Posted By Editor On December 10, 2010 @ 7:42 pm In Guest column,Voices & Thoughts | Comments Disabled
By Kenneth Lewis
The national conversation on our fiscal health for the past few months has been about whether to extend the Bush-era tax cuts for households with incomes over $250,000, or to allow them to expire on December 31st. To my amazement, lost in all this controversy and discussion has been any mention of what this would really mean for high-income people in the context of historical tax rates.
During the 1950s this country was flourishing economically and adding new jobs that moved millions of people out of poverty and into the middle class. What kind of tax policy was in place during this period, those years after World War II when the Baby Boomers were growing up?
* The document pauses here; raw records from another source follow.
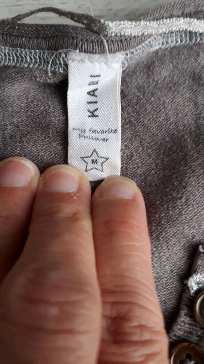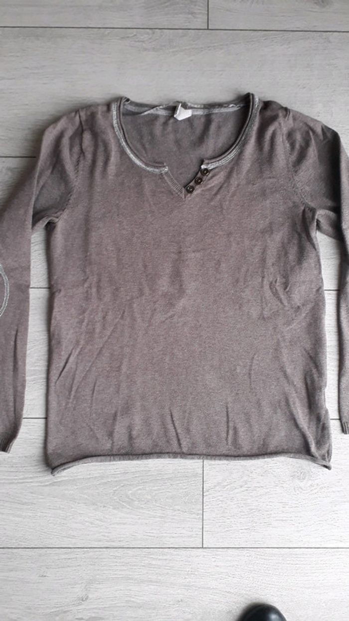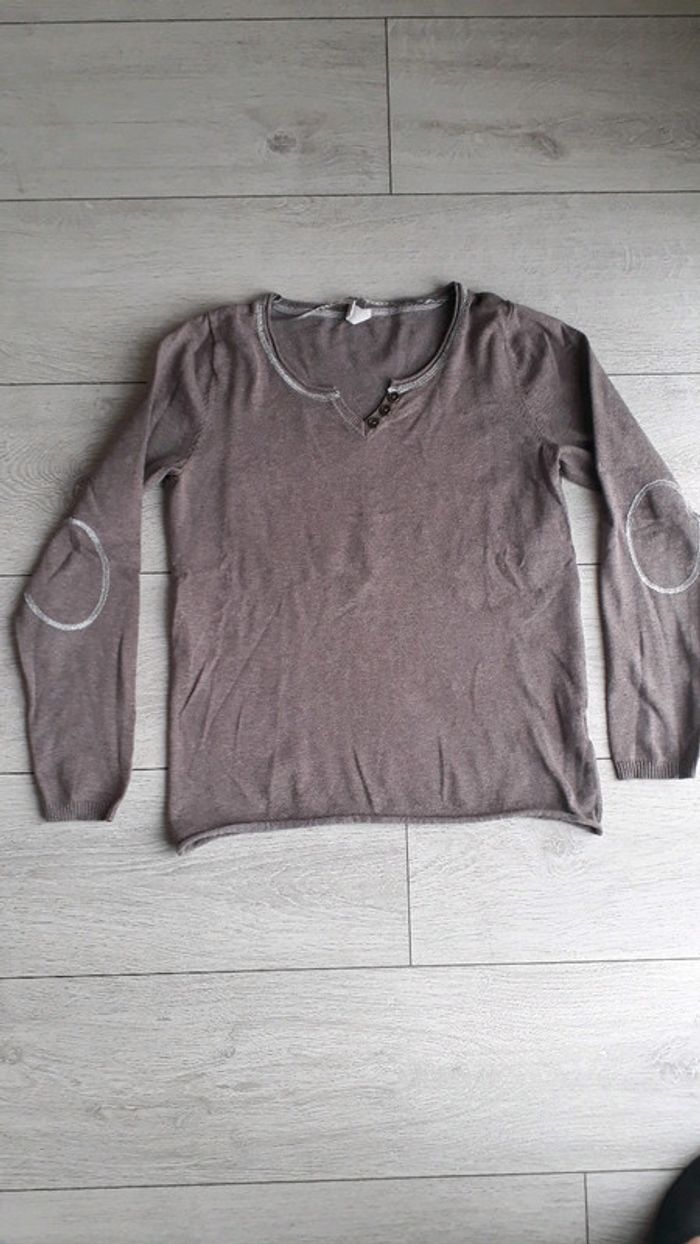 Pull léger Kiabi taille M. Marron clair avec liseré et coudières argentés. Bonton de rechange Très bon état Envoi uniquement par mondial relais #vayssadefemme38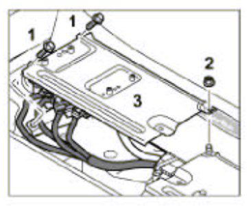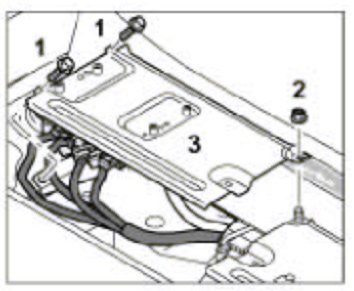 4. Turn over the control module holder -3- and push it in under the fastening nut -2-. Tighten both fastening screws -1- and the fastening nut -2-. Tightening torque: 10 Nm (7.5 ftlb.).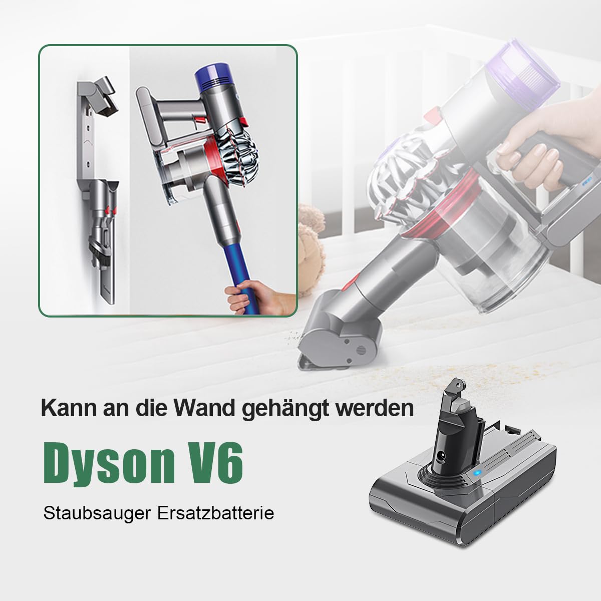 "【Excellent Capacity】This BuTurepre Dyson DC62 Battery Ball is compatible with the Dyson V6 Absolute Series, Dyson V6 SV03 SV05 SV05 SV06 SV07 SV07 SV09, also suitable for Dyson DC58, DC59, DC61, DC62, DC72, DC74, Vacuum Compatible, etc. Like the size of the original battery, you can always hang it on the wall to charge. Please make sure your vacuum model fits before purchasing the V6 battery."

What was the top marginal tax rate during all eight years of the Eisenhower Administration? 91%! The increase proposed for today’s rates seems paltry, and the top rate seems very low, in fact too low, and incongruent with the needs of the country for investment right now in education, health and infrastructure.
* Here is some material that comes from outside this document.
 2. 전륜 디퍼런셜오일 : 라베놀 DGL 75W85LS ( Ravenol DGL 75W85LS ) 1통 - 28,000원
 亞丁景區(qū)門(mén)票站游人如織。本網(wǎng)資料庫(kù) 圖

This comparison is also true when looking broadly over the mid-century; during the years from 1935 to 1980 the marginal rates were never below 70%.
One can only wonder what the big fuss is all about.
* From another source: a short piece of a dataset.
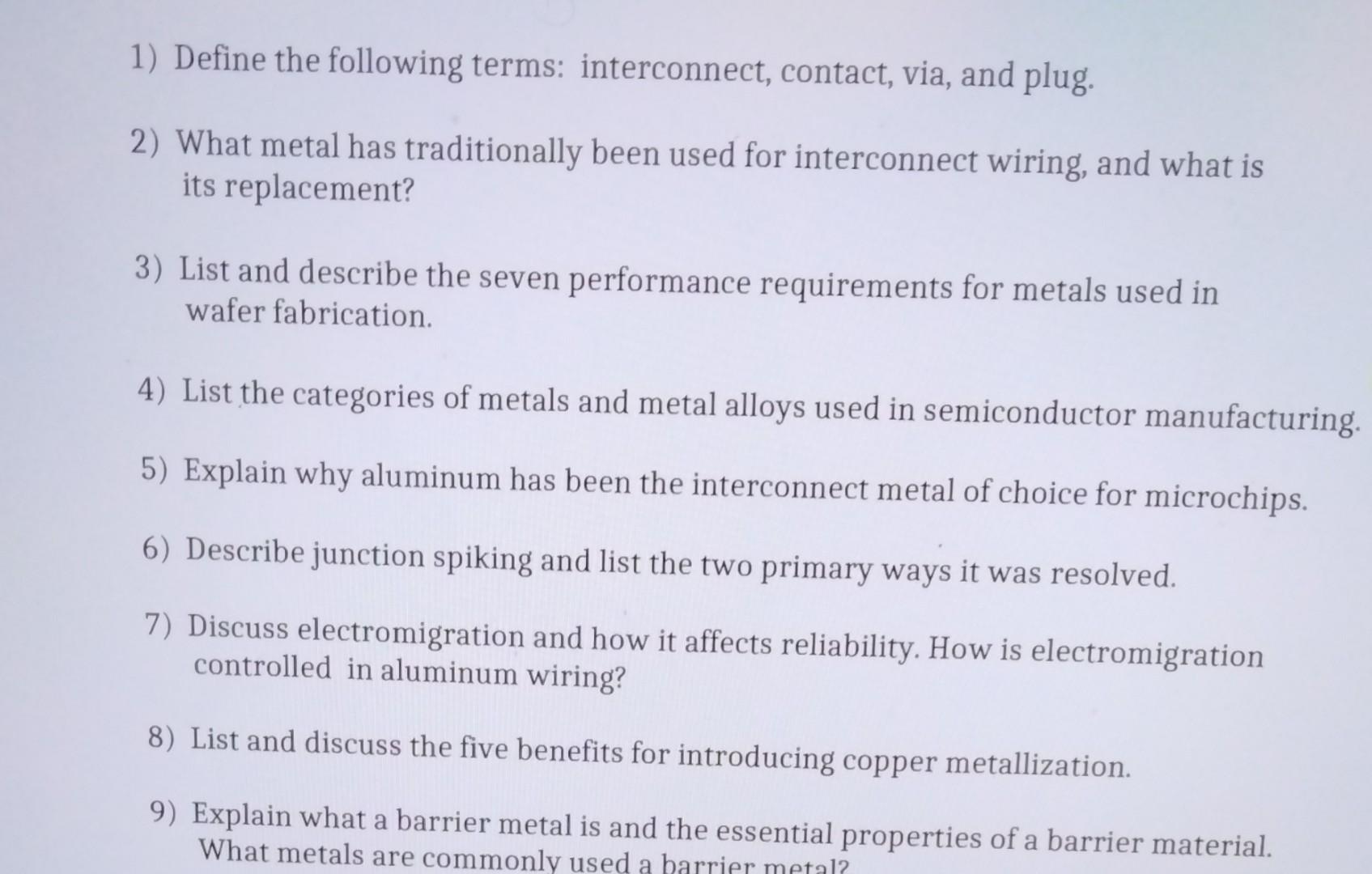 Solved 1) Define the following terms: interconnect contact Chegg com

Right now people pay income taxes on a sliding scale between 10% and 35%. If the Bush-era tax cuts expire on December 31, the rates would return to between 15% and 39.6%. Less than one percent of taxpayers now pay the 35% (according to the Wall Street Journal) and less than four percent pay 33%. If the tax cuts are allowed to expire, the top tax rate of 39.6% would only apply to those whose income, adjusted for inflation, exceeds $363,000 per person.
So in reality, the big controversy over the extension of tax cuts boils down to a mere 4.6% for those making over $363,000! And remember, they pay that extra amount only on incomes over $363,000, not their entire income. Based on the arguments and emotional forcefulness of those who want all tax cuts extended, one would think that the rates we are talking about are historically high rates. Top rates of 35% and 39.4% aren’t even close to historic highs.
At a time when reducing the deficit is a main concern of both the public and of policy makers, it seems incredible that there is even any discussion about this. Letting the tax cuts expire for the top two to four percent of high earners will reduce the deficit by over 700 billion dollars. How can we not do this?
The argument that lower tax rates leads to increased employment is belied by the experience during the Bush Administration. The most massive tax reductions in US history occurred during those eight years, and the increase in employment during those years was the lowest in U.S. recorded history. Lower taxes did not lead to increased employment.
I have benefited enormously from the infrastructure that strong federal, state, and local governments provide. As a businessman I have used more than my fair share of these public institutions and therefore, I want to pay my fair share. That’s why I’m asking Congress to raise my taxes!
There is no valid reason to continue these historically low tax rates for those making more than $250,000 or more than $363,000 during a period of economic stress. This country is in trouble and those of us who have benefitted the most need to step up and pay our fair share. The small rate increase will decrease the deficit by over 700 billion dollars and have no appreciable adverse impact on employment. In fact, I would argue it would stimulate job creation if Congress were to invest in this country again. The House has rejected letting the wealthy off the hook for their fair share. The Senate should act now, do the right thing – and also reject the compromise.
Lewis is former president of Lasco Shipping Co. of Portland and of the Port of Portland Commission. He is also former national chairman of the I Have a Dream Foundation and a member of Wealth for the Common Good.